TASK DIRECTIONS:
Below are records with pictures in them. Transcribe everything from the line containing "ロッテアーモンドチョコレート" down to the line containing "6名以上でご利用の場合は、従", exactly, and leave the pictures behind.

RAW DATA:
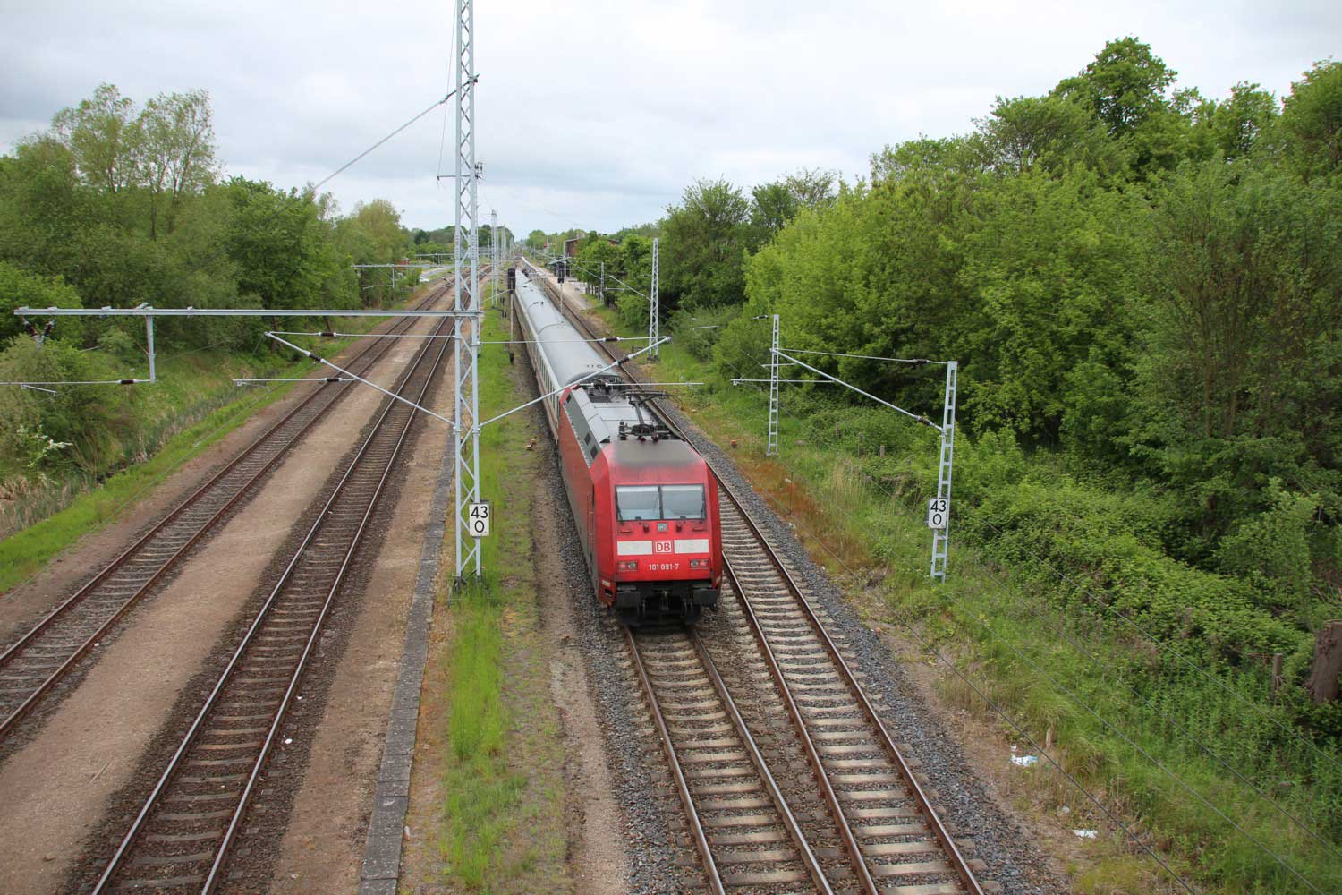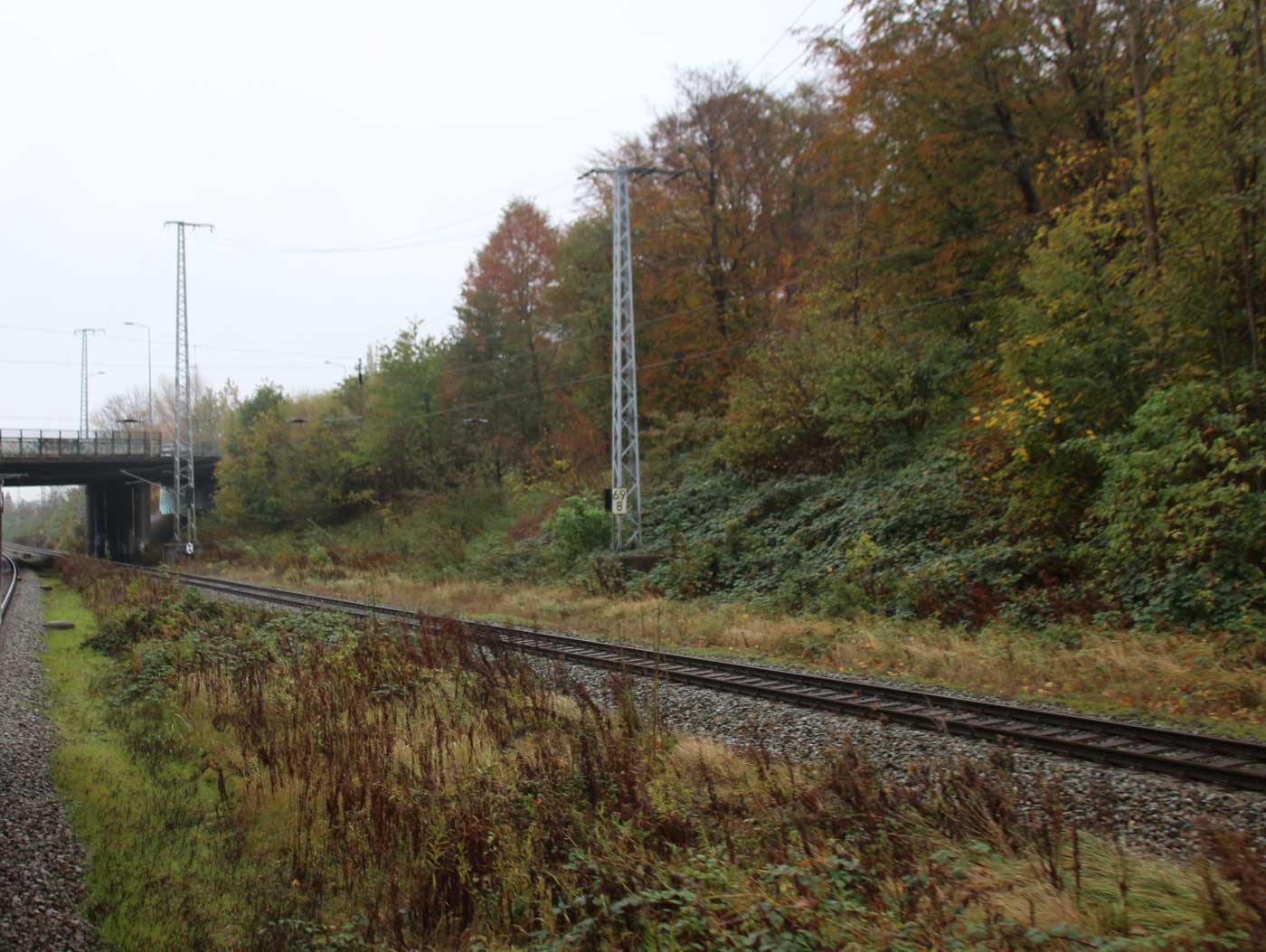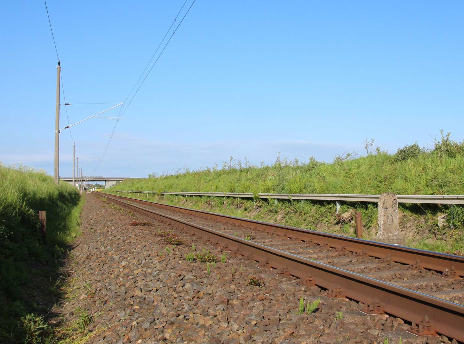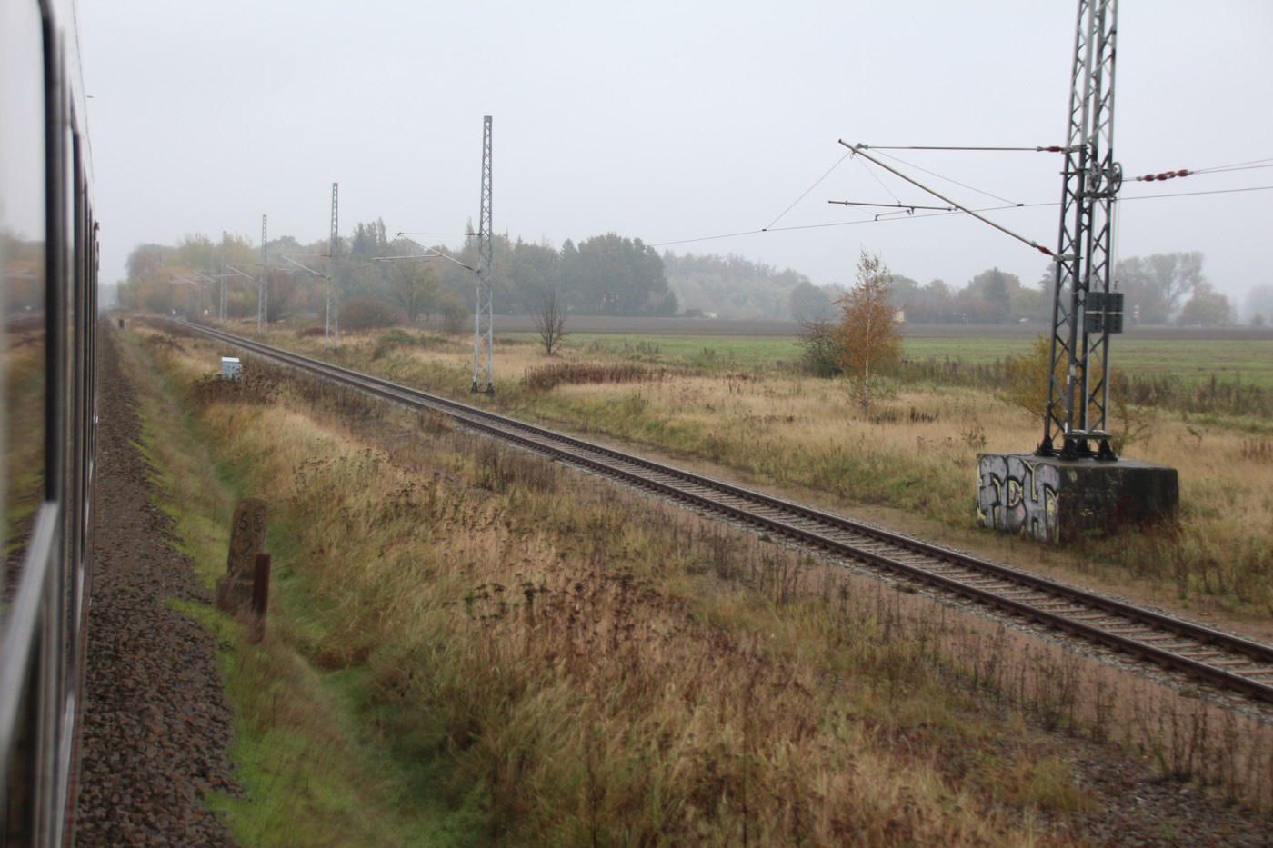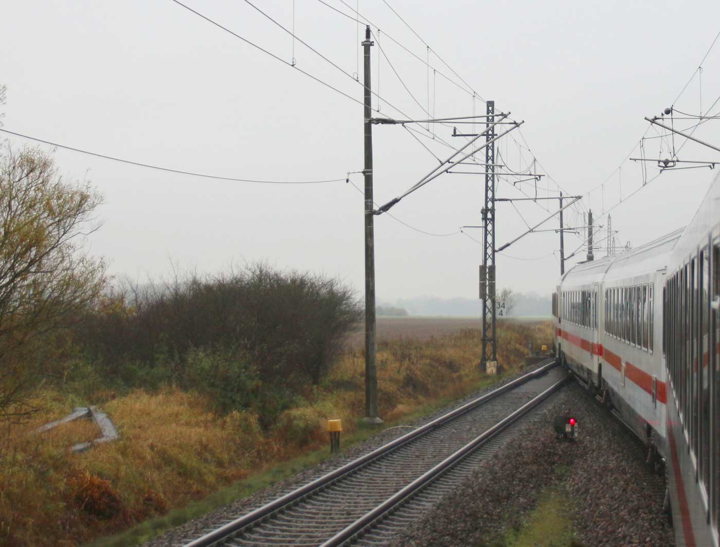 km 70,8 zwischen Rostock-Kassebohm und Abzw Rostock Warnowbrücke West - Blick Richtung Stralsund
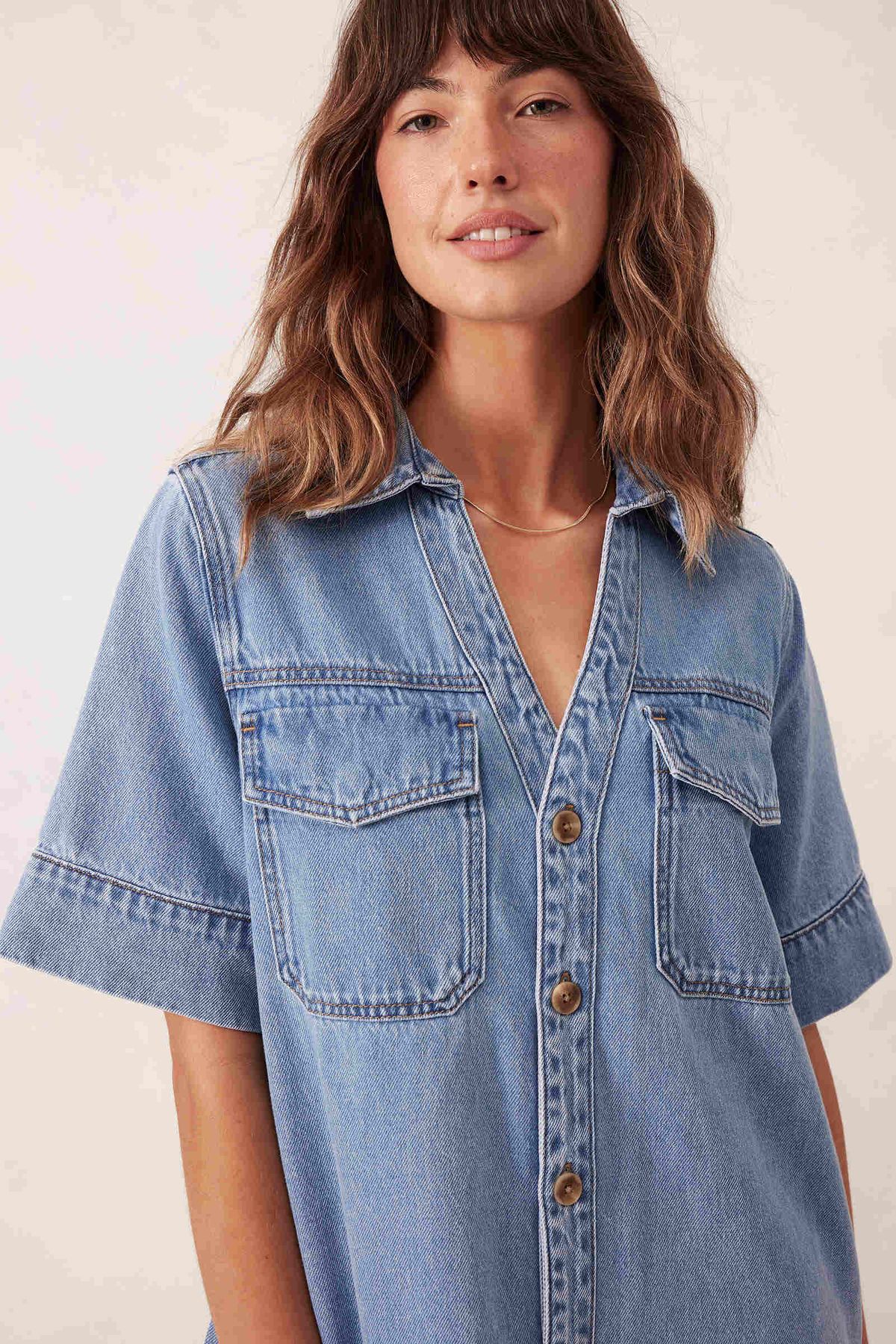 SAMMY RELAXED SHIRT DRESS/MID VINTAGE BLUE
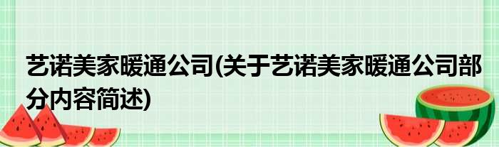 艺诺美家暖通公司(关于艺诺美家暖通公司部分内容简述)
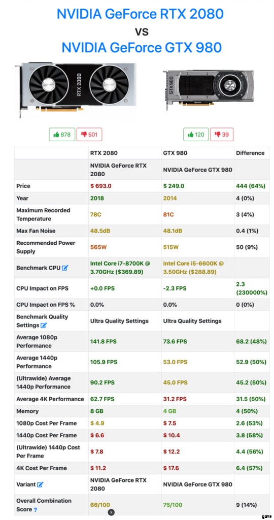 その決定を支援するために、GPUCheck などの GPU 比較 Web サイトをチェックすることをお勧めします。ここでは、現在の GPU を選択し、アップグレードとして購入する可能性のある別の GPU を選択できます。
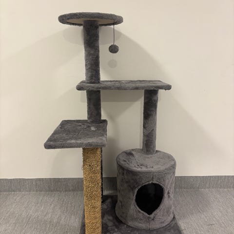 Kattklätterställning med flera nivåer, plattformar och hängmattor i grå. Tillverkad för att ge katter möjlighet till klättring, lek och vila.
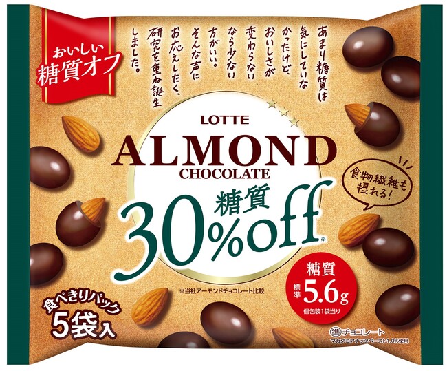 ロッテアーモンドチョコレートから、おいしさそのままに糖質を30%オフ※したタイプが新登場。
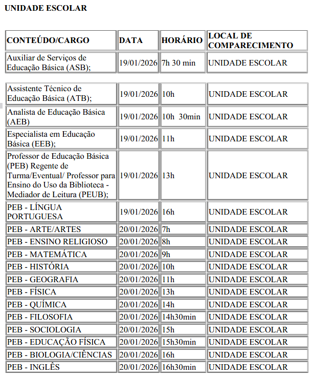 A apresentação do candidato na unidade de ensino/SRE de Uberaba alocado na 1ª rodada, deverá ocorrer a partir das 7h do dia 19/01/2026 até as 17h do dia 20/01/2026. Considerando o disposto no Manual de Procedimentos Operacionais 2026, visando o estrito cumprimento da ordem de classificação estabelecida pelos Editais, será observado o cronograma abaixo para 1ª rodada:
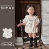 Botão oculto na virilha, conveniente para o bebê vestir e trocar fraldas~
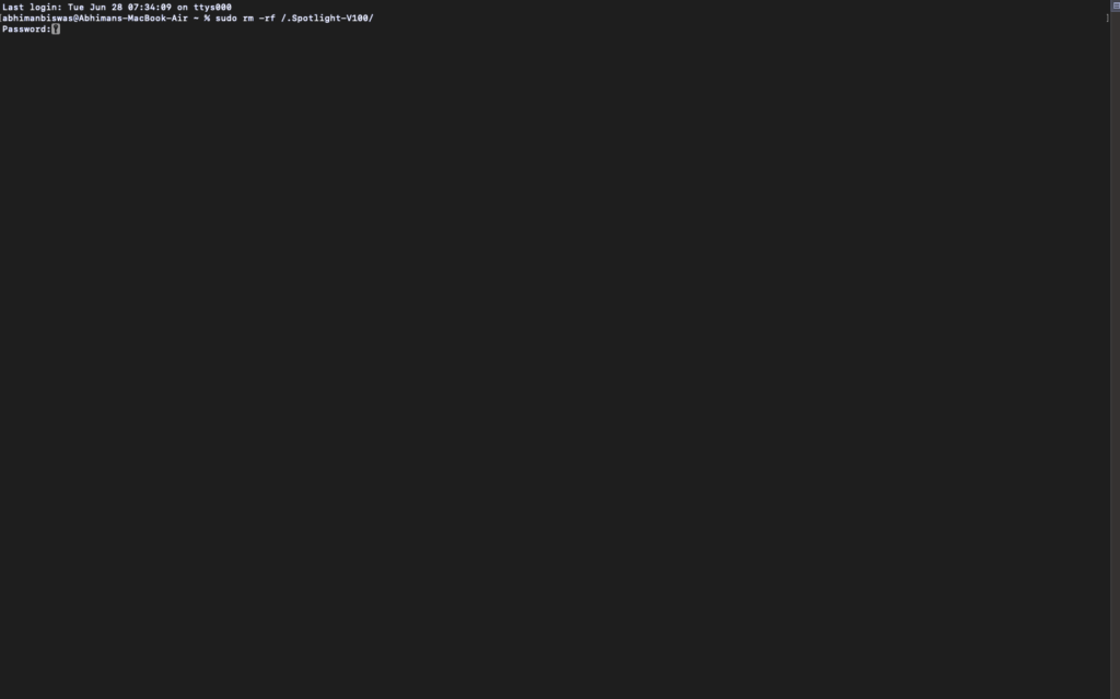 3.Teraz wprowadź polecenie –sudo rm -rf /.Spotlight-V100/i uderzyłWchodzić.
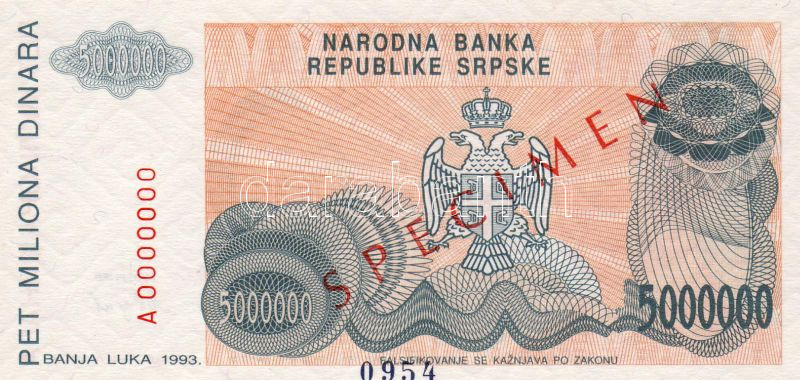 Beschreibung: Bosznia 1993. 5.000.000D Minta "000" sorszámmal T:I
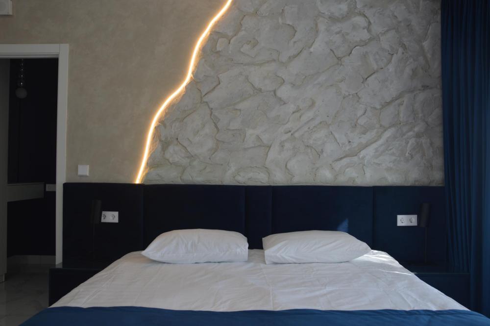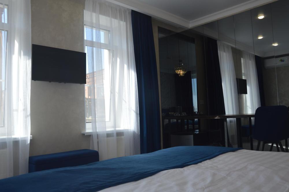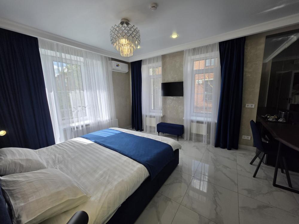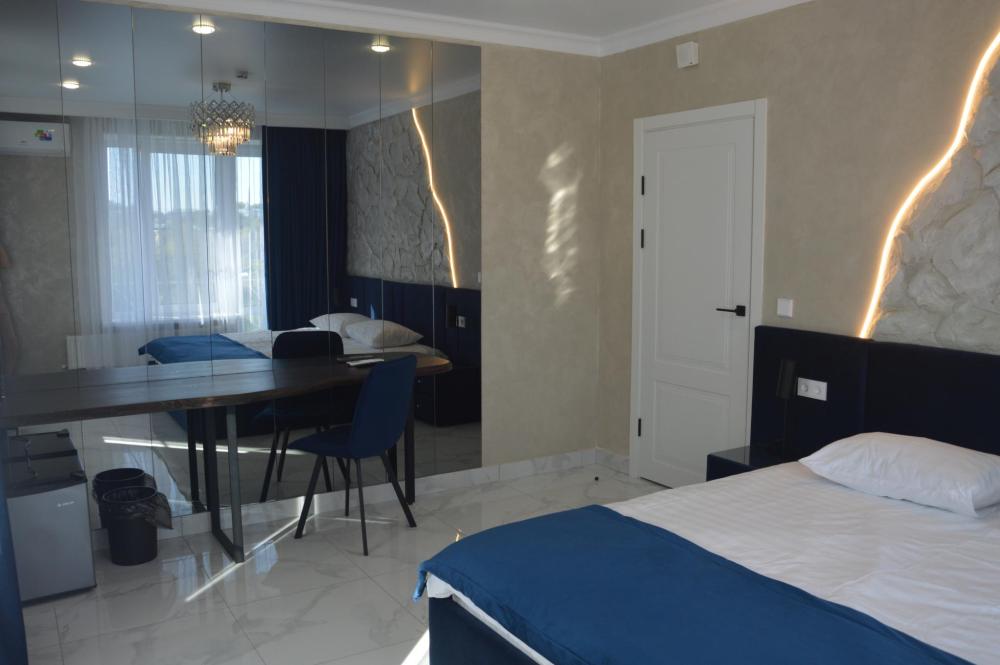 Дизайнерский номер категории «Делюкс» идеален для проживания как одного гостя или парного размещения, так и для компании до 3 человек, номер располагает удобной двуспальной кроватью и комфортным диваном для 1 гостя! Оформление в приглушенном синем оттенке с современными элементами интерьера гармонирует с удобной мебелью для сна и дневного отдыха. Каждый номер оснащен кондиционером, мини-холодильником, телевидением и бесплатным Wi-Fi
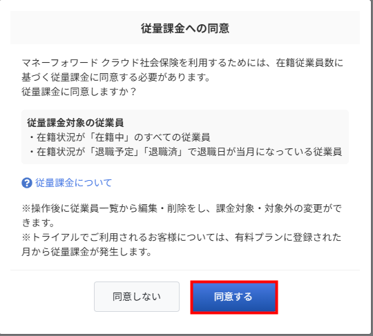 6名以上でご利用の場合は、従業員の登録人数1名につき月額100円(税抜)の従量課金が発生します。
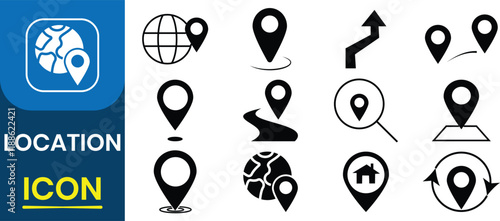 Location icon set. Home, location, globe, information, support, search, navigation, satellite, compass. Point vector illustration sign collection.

YOUR RESPONSE:
 ロッテアーモンドチョコレートから、おいしさそのままに糖質を30%オフ※したタイプが新登場。
 A apresentação do candidato na unidade de ensino/SRE de Uberaba alocado na 1ª rodada, deverá ocorrer a partir das 7h do dia 19/01/2026 até as 17h do dia 20/01/2026. Considerando o disposto no Manual de Procedimentos Operacionais 2026, visando o estrito cumprimento da ordem de classificação estabelecida pelos Editais, será observado o cronograma abaixo para 1ª rodada:
 Botão oculto na virilha, conveniente para o bebê vestir e trocar fraldas~
 3.Teraz wprowadź polecenie –sudo rm -rf /.Spotlight-V100/i uderzyłWchodzić.
 Beschreibung: Bosznia 1993. 5.000.000D Minta "000" sorszámmal T:I
 Дизайнерский номер категории «Делюкс» идеален для проживания как одного гостя или парного размещения, так и для компании до 3 человек, номер располагает удобной двуспальной кроватью и комфортным диваном для 1 гостя! Оформление в приглушенном синем оттенке с современными элементами интерьера гармонирует с удобной мебелью для сна и дневного отдыха. Каждый номер оснащен кондиционером, мини-холодильником, телевидением и бесплатным Wi-Fi
 6名以上でご利用の場合は、従業員の登録人数1名につき月額100円(税抜)の従量課金が発生します。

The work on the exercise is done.